* **Exercise requirements**:
Line for line, return the data exactly, omitting all pictures.

* **Recorded information**:
****
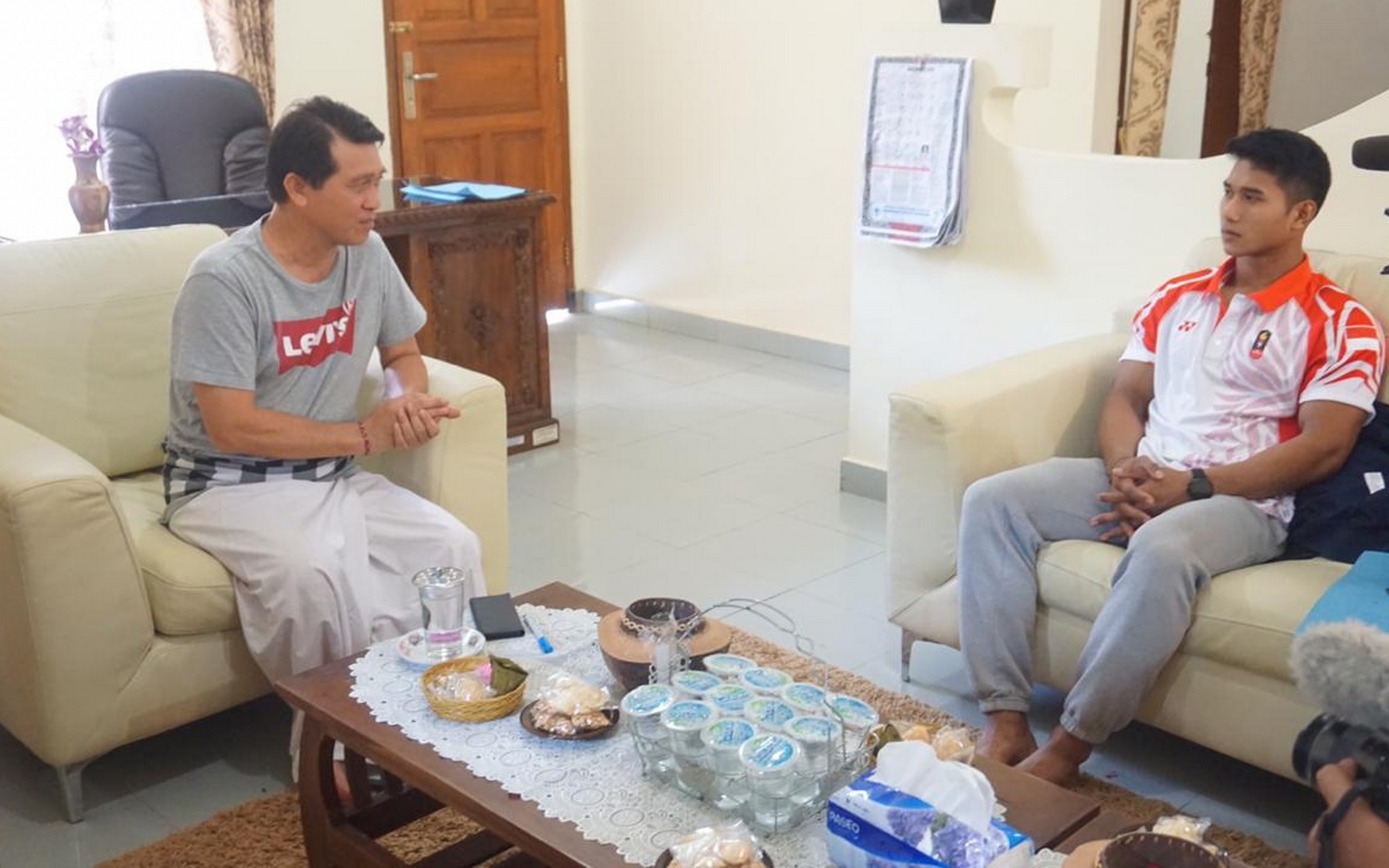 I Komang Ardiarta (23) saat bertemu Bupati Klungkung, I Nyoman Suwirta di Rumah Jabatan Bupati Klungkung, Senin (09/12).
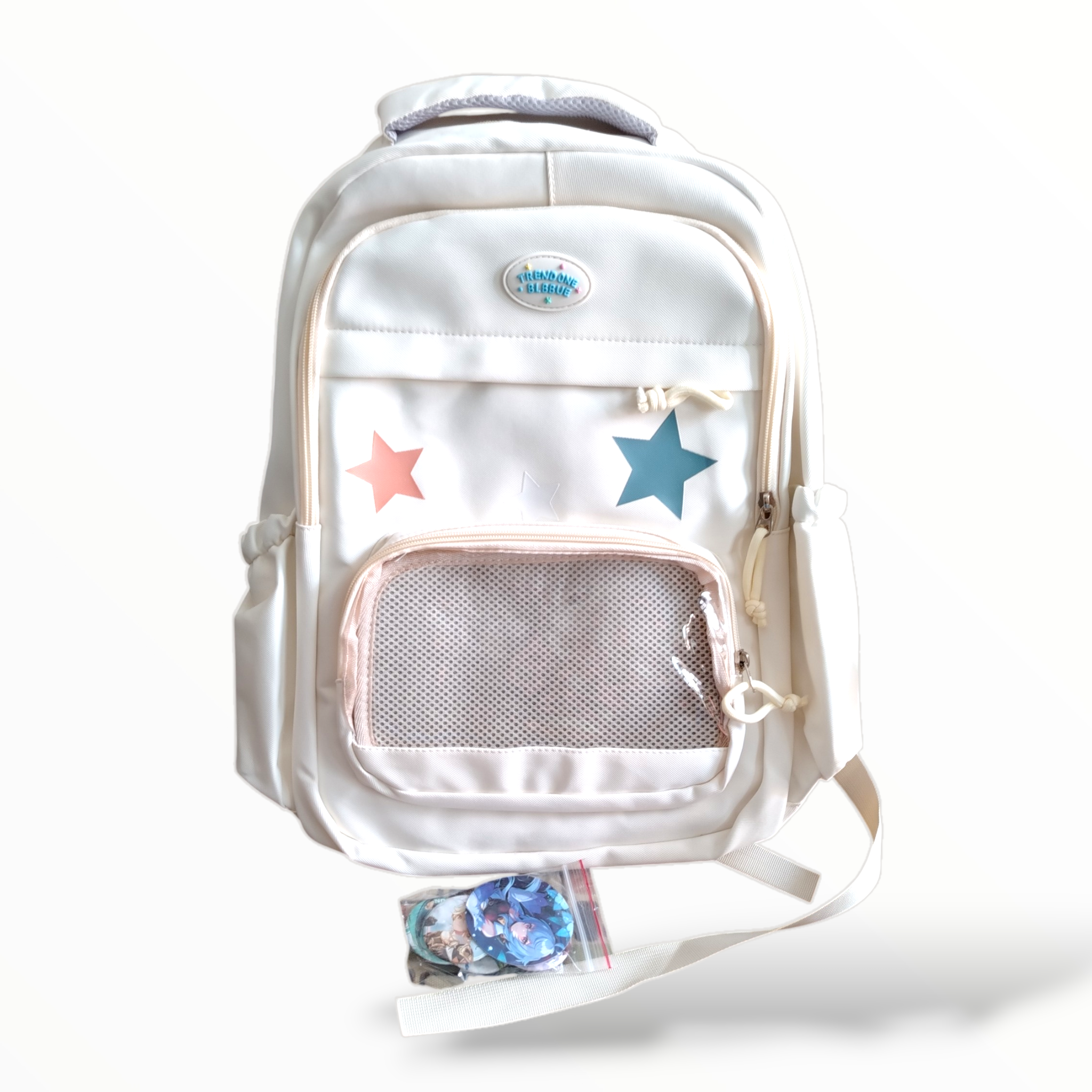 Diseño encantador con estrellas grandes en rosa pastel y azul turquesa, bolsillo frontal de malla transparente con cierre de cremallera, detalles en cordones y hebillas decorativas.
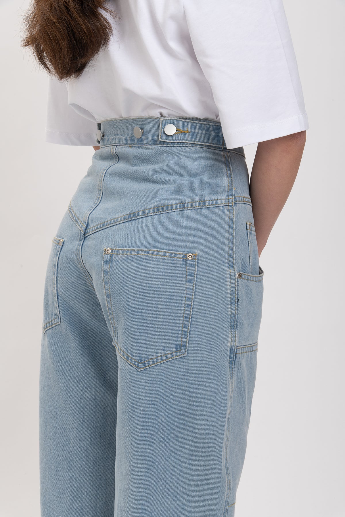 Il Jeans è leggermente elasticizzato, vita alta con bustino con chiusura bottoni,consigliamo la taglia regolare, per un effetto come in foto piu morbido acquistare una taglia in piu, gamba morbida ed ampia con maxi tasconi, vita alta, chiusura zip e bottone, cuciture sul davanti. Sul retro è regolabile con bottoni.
****
* **Written solution**:
 I Komang Ardiarta (23) saat bertemu Bupati Klungkung, I Nyoman Suwirta di Rumah Jabatan Bupati Klungkung, Senin (09/12).
 Diseño encantador con estrellas grandes en rosa pastel y azul turquesa, bolsillo frontal de malla transparente con cierre de cremallera, detalles en cordones y hebillas decorativas.
 Il Jeans è leggermente elasticizzato, vita alta con bustino con chiusura bottoni,consigliamo la taglia regolare, per un effetto come in foto piu morbido acquistare una taglia in piu, gamba morbida ed ampia con maxi tasconi, vita alta, chiusura zip e bottone, cuciture sul davanti. Sul retro è regolabile con bottoni.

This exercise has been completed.